*** Opening Records provided ***

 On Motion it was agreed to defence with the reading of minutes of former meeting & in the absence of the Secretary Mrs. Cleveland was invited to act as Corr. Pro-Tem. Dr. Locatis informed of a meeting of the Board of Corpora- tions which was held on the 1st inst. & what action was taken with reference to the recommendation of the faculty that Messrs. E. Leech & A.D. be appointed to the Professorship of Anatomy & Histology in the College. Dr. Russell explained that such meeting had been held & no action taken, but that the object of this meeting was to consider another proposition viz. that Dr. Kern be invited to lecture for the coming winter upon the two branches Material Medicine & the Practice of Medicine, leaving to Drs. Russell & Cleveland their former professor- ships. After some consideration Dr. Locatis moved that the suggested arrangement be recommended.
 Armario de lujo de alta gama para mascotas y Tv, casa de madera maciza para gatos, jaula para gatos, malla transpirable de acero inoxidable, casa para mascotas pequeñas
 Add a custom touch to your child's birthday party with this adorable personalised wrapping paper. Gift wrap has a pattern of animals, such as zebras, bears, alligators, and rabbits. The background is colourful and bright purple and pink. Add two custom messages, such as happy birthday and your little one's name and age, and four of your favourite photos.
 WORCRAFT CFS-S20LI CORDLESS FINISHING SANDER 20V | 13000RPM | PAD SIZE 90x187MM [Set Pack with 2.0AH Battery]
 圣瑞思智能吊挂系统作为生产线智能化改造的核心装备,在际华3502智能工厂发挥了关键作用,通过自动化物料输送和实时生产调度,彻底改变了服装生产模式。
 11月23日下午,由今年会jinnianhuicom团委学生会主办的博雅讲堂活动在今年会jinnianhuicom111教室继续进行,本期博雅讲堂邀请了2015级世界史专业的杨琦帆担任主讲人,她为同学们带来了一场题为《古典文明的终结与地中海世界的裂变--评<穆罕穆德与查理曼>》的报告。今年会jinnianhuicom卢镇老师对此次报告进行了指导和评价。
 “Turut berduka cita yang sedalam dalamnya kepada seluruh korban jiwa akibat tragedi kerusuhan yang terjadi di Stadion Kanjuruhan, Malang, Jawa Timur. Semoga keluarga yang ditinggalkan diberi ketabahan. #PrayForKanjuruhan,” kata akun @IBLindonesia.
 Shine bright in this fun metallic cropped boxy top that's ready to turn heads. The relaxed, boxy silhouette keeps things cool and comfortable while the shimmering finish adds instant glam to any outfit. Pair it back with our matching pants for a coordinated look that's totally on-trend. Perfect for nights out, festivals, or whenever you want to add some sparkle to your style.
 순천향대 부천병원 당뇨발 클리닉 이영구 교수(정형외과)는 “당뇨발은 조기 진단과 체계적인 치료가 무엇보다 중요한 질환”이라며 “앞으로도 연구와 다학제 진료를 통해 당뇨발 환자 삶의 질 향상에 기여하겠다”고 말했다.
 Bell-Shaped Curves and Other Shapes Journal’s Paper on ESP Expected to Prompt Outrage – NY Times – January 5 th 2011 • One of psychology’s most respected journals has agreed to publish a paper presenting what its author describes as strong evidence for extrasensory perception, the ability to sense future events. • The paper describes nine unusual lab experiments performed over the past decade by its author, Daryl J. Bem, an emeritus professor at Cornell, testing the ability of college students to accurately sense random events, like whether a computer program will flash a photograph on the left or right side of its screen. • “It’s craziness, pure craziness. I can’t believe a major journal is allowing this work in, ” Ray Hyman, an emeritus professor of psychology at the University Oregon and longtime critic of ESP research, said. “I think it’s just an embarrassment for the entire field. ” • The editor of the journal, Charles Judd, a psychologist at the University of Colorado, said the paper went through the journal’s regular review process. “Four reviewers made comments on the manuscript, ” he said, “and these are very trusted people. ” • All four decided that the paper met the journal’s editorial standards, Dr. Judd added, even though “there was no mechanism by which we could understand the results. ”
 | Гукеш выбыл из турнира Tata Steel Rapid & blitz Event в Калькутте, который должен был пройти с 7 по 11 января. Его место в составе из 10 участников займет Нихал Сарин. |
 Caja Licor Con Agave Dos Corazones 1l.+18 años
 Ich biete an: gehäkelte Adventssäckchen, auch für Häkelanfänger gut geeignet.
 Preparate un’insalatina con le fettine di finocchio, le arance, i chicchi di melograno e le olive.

*** Closing Records provided ***

Please write out the whole of the material exactly.

**Answer to this problem**
 On Motion it was agreed to defence with the reading of minutes of former meeting & in the absence of the Secretary Mrs. Cleveland was invited to act as Corr. Pro-Tem. Dr. Locatis informed of a meeting of the Board of Corpora- tions which was held on the 1st inst. & what action was taken with reference to the recommendation of the faculty that Messrs. E. Leech & A.D. be appointed to the Professorship of Anatomy & Histology in the College. Dr. Russell explained that such meeting had been held & no action taken, but that the object of this meeting was to consider another proposition viz. that Dr. Kern be invited to lecture for the coming winter upon the two branches Material Medicine & the Practice of Medicine, leaving to Drs. Russell & Cleveland their former professor- ships. After some consideration Dr. Locatis moved that the suggested arrangement be recommended.
 Armario de lujo de alta gama para mascotas y Tv, casa de madera maciza para gatos, jaula para gatos, malla transpirable de acero inoxidable, casa para mascotas pequeñas
 Add a custom touch to your child's birthday party with this adorable personalised wrapping paper. Gift wrap has a pattern of animals, such as zebras, bears, alligators, and rabbits. The background is colourful and bright purple and pink. Add two custom messages, such as happy birthday and your little one's name and age, and four of your favourite photos.
 WORCRAFT CFS-S20LI CORDLESS FINISHING SANDER 20V | 13000RPM | PAD SIZE 90x187MM [Set Pack with 2.0AH Battery]
 圣瑞思智能吊挂系统作为生产线智能化改造的核心装备,在际华3502智能工厂发挥了关键作用,通过自动化物料输送和实时生产调度,彻底改变了服装生产模式。
 11月23日下午,由今年会jinnianhuicom团委学生会主办的博雅讲堂活动在今年会jinnianhuicom111教室继续进行,本期博雅讲堂邀请了2015级世界史专业的杨琦帆担任主讲人,她为同学们带来了一场题为《古典文明的终结与地中海世界的裂变--评<穆罕穆德与查理曼>》的报告。今年会jinnianhuicom卢镇老师对此次报告进行了指导和评价。
 “Turut berduka cita yang sedalam dalamnya kepada seluruh korban jiwa akibat tragedi kerusuhan yang terjadi di Stadion Kanjuruhan, Malang, Jawa Timur. Semoga keluarga yang ditinggalkan diberi ketabahan. #PrayForKanjuruhan,” kata akun @IBLindonesia.
 Shine bright in this fun metallic cropped boxy top that's ready to turn heads. The relaxed, boxy silhouette keeps things cool and comfortable while the shimmering finish adds instant glam to any outfit. Pair it back with our matching pants for a coordinated look that's totally on-trend. Perfect for nights out, festivals, or whenever you want to add some sparkle to your style.
 순천향대 부천병원 당뇨발 클리닉 이영구 교수(정형외과)는 “당뇨발은 조기 진단과 체계적인 치료가 무엇보다 중요한 질환”이라며 “앞으로도 연구와 다학제 진료를 통해 당뇨발 환자 삶의 질 향상에 기여하겠다”고 말했다.
 Bell-Shaped Curves and Other Shapes Journal’s Paper on ESP Expected to Prompt Outrage – NY Times – January 5 th 2011 • One of psychology’s most respected journals has agreed to publish a paper presenting what its author describes as strong evidence for extrasensory perception, the ability to sense future events. • The paper describes nine unusual lab experiments performed over the past decade by its author, Daryl J. Bem, an emeritus professor at Cornell, testing the ability of college students to accurately sense random events, like whether a computer program will flash a photograph on the left or right side of its screen. • “It’s craziness, pure craziness. I can’t believe a major journal is allowing this work in, ” Ray Hyman, an emeritus professor of psychology at the University Oregon and longtime critic of ESP research, said. “I think it’s just an embarrassment for the entire field. ” • The editor of the journal, Charles Judd, a psychologist at the University of Colorado, said the paper went through the journal’s regular review process. “Four reviewers made comments on the manuscript, ” he said, “and these are very trusted people. ” • All four decided that the paper met the journal’s editorial standards, Dr. Judd added, even though “there was no mechanism by which we could understand the results. ”
 | Гукеш выбыл из турнира Tata Steel Rapid & blitz Event в Калькутте, который должен был пройти с 7 по 11 января. Его место в составе из 10 участников займет Нихал Сарин. |
 Caja Licor Con Agave Dos Corazones 1l.+18 años
 Ich biete an: gehäkelte Adventssäckchen, auch für Häkelanfänger gut geeignet.
 Preparate un’insalatina con le fettine di finocchio, le arance, i chicchi di melograno e le olive.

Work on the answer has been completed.